* Data supplied:
--------------------
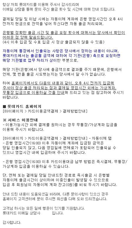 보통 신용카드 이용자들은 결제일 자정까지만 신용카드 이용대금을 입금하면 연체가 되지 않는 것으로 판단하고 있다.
--------------------
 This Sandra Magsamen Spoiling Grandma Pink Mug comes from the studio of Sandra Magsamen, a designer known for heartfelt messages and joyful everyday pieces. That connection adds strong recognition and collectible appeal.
--------------------
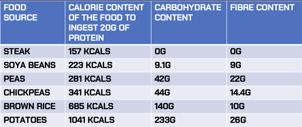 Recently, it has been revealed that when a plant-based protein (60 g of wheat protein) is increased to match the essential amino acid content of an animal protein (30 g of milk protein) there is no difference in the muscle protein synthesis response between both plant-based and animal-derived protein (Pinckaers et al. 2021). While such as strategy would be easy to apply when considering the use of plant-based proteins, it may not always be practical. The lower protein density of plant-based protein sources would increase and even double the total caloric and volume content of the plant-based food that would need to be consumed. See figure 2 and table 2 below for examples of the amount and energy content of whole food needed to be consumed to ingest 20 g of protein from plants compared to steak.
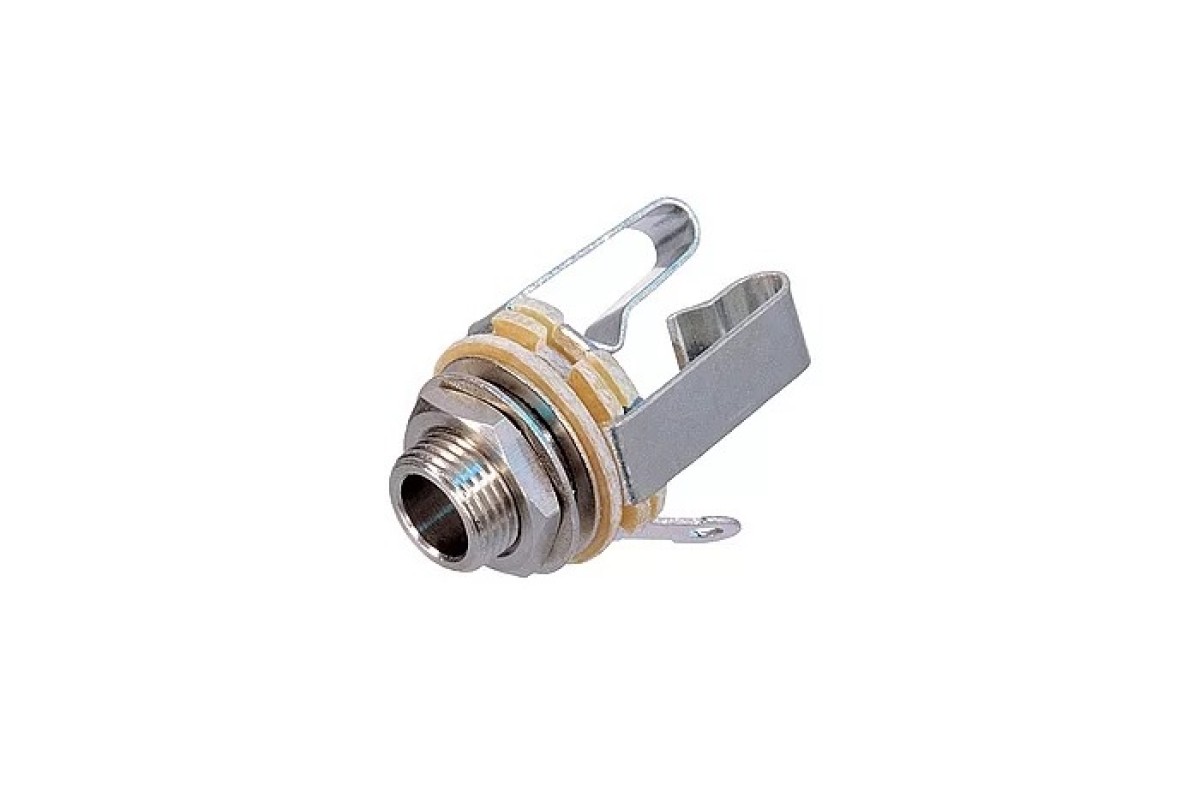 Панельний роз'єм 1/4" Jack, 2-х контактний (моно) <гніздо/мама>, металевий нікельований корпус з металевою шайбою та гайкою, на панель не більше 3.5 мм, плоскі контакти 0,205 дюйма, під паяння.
--------------------
* Exercise: Word for word, restate the lines above from the one with "Recently, it has" through the one with "дюйма, під паяння.", keeping both ends and dropping the pictures.

* Answer to this exercise:
 Recently, it has been revealed that when a plant-based protein (60 g of wheat protein) is increased to match the essential amino acid content of an animal protein (30 g of milk protein) there is no difference in the muscle protein synthesis response between both plant-based and animal-derived protein (Pinckaers et al. 2021). While such as strategy would be easy to apply when considering the use of plant-based proteins, it may not always be practical. The lower protein density of plant-based protein sources would increase and even double the total caloric and volume content of the plant-based food that would need to be consumed. See figure 2 and table 2 below for examples of the amount and energy content of whole food needed to be consumed to ingest 20 g of protein from plants compared to steak.
 Панельний роз'єм 1/4" Jack, 2-х контактний (моно) <гніздо/мама>, металевий нікельований корпус з металевою шайбою та гайкою, на панель не більше 3.5 мм, плоскі контакти 0,205 дюйма, під паяння.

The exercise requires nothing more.